▶ **DATASET EXTRACT**
☆ ☆ ☆ ☆ ☆ ☆ ☆

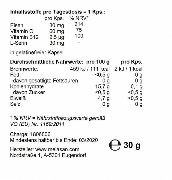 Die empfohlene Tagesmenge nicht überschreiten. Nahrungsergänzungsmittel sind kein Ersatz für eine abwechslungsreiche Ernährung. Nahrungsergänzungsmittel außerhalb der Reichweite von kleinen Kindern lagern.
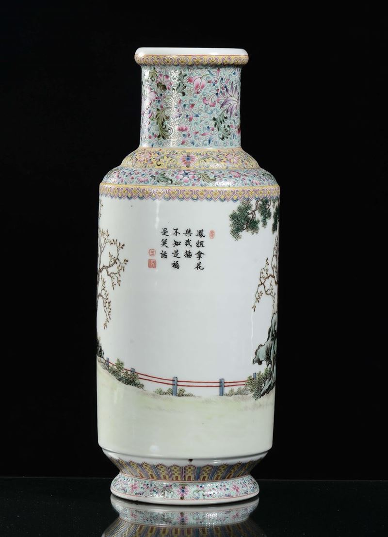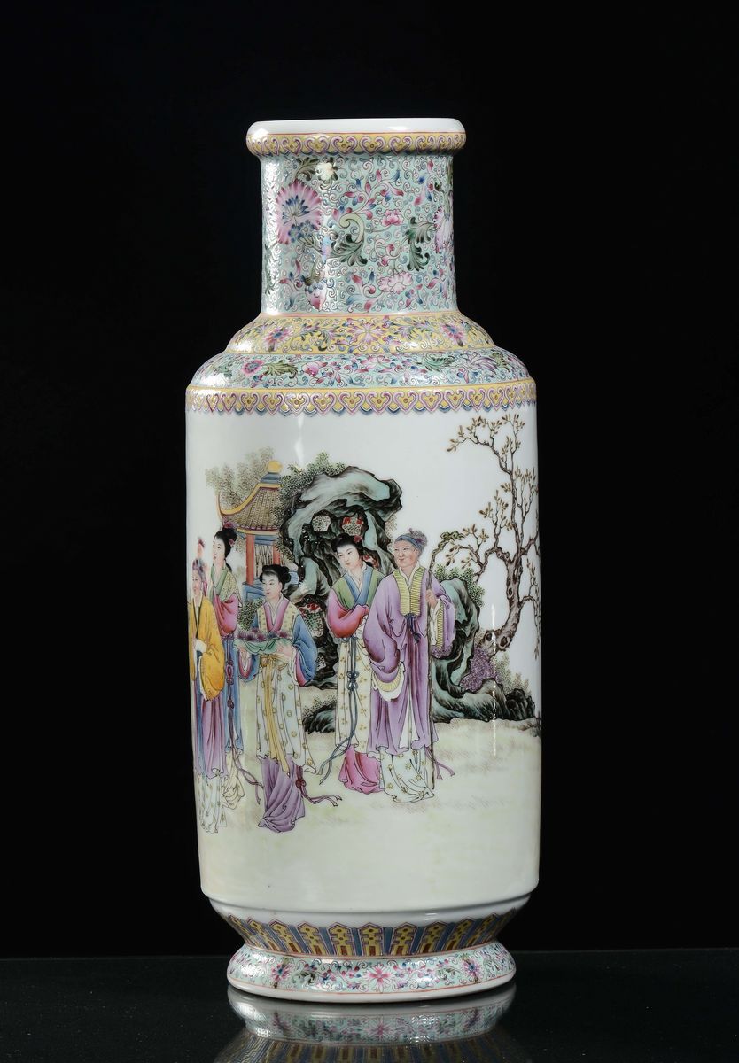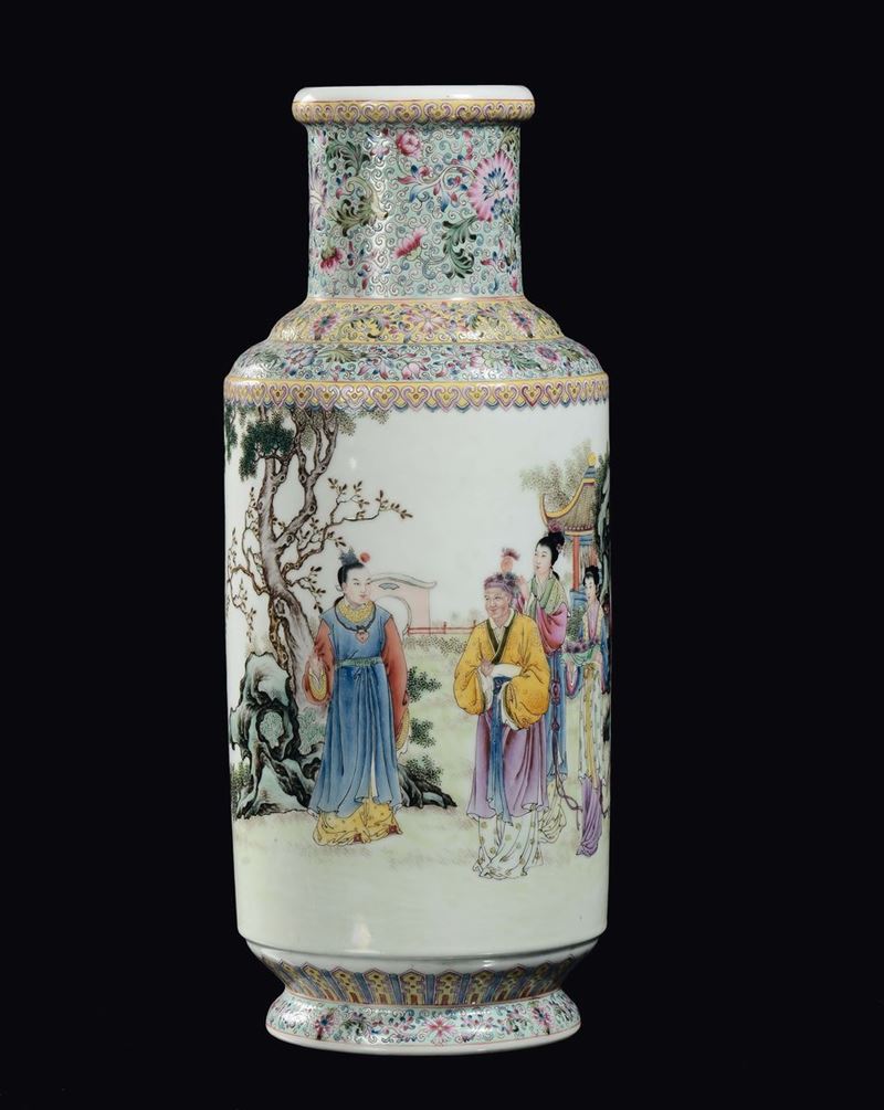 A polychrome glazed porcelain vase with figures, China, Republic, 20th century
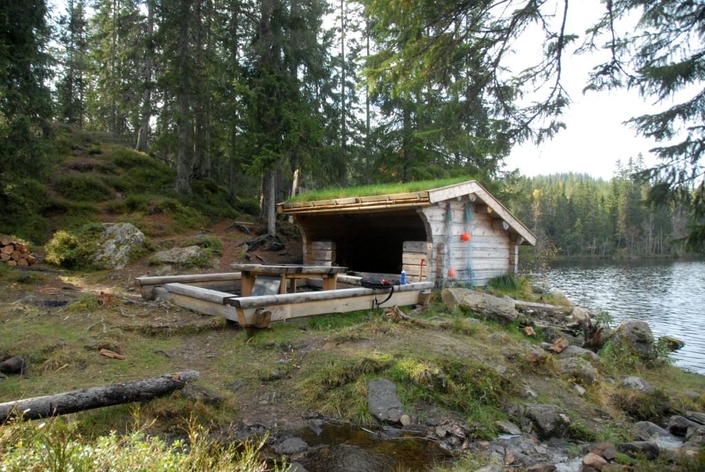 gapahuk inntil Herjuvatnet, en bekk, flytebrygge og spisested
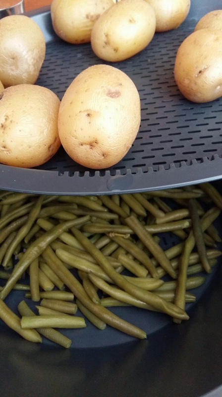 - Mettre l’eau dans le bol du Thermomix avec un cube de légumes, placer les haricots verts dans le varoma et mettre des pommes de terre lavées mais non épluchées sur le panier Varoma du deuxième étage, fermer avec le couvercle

☆ ☆ ☆ ☆ ☆ ☆ ☆

Output all of the data above exactly; no pictures should appear.

▶ **SOLUTION**
 Die empfohlene Tagesmenge nicht überschreiten. Nahrungsergänzungsmittel sind kein Ersatz für eine abwechslungsreiche Ernährung. Nahrungsergänzungsmittel außerhalb der Reichweite von kleinen Kindern lagern.
 A polychrome glazed porcelain vase with figures, China, Republic, 20th century
 gapahuk inntil Herjuvatnet, en bekk, flytebrygge og spisested
 - Mettre l’eau dans le bol du Thermomix avec un cube de légumes, placer les haricots verts dans le varoma et mettre des pommes de terre lavées mais non épluchées sur le panier Varoma du deuxième étage, fermer avec le couvercle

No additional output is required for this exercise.